In Australia, the regulating body of the financial market, the Australian Securities & Investments Commission (ASIC), monitors the possible managerial strategic earnings management. During the global pandemic (COVID-19), firms’ operations were significantly disrupted, and ASIC is concerned that firms may manage earnings to improve their financial position for the years 2020 and 2021. Where this is occurring, ASIC requires evidence, including the comparison of pre and post-pandemic financial position/ performance.
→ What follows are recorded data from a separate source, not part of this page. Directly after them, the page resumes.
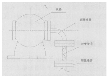 在這種安裝形式中, 由于設(shè)備的振動方向主要為上下垂直振動, 因此, 該金屬穿線軟管主要補償?shù)氖瞧漭S向的位移, 我們知道金屬穿線軟管本身在自然狀態(tài)下不能補償軸向位移, 這樣的安裝使用結(jié)果就必然是金屬穿線軟管無法承受強烈的軸向拉伸而產(chǎn)生斷裂, 從而導(dǎo)致管路泄漏。正確的安裝安裝方式見圖4 、圖5。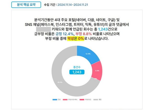 해당 기업(기관)과 인물(기업인, 정치인, 예술인 등)에 대한 포탈, 뉴스, 커뮤니티, SNS 등의 데이터를 실시간 수집해 통계 분석을 진행한다. 현재의 여론과 트렌드를 신속하고 정확하게 파악하여 그에 따른 대응을 빠르게 실행할 수 있는 것이 기존 여론 조사와 큰 차별점이다.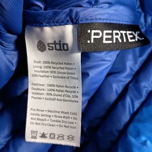 Stio Pinion Down Hooded Men's L Blue Goose Down Pertex Outdoors Puffer Jacket

To identify pre-pandemic earnings management, ASIC hires you to apply data analytics techniques to monitor the major companies listed in the Australian Securities Exchange (ASX). In this report, you will explore the factors that may indicate firms’ earnings management using statistical techniques covered in this data analytics course. Your findings will provide insights to ASIC, investors and other stakeholders concerning the ongoing debate about firms’ earnings management.

Your analysis is expected to cover S&P/ASX200 listed companies from 2010 to 2019. This analysis will be carried out in two parts. In the first part, you will conduct ETL (Extraction, transformation and loading) along with basic analysis tasks using Excel. The second part involves the application of more advanced statistical analysis using Rstudio to generate results to answer various identified earnings-related issues/problems. The tasks below are presented in the sequence in which you are expected to perform them.

2. Performing the test using statistical tools and analysing the results

Data Analytics approaches rely on a series of statistical techniques that are used to understand data and gain insights into the underlying causes and effects of business decisions. You will use Rstudio to perform the following statistical tests to generate results that you will use later for recommendations.

A1. Create Table 2.1 and generate summary descriptive statistics for DACC, REM1, REM2, VISIBLE, SIZE, LEVERAGE, MTB, LOSS, CF, ZScore and BIG4. Also, generate Table 2.2 and present summary statistics of mean value for all variables by industry using the GICS sector name.

A2. Create Table 2.3, present the estimated Pearson correlation matrix for all variables, and identify any possible multicollinearity.

A3. Create a dummy variable to represent highly visible companies based on the level of news coverage. Use the average of the news coverage (e.g., 157.62) and label the dummy variable as VISIBLE = 1 if the company’s news coverage for that year is greater than average and VISIBLE = 0 otherwise.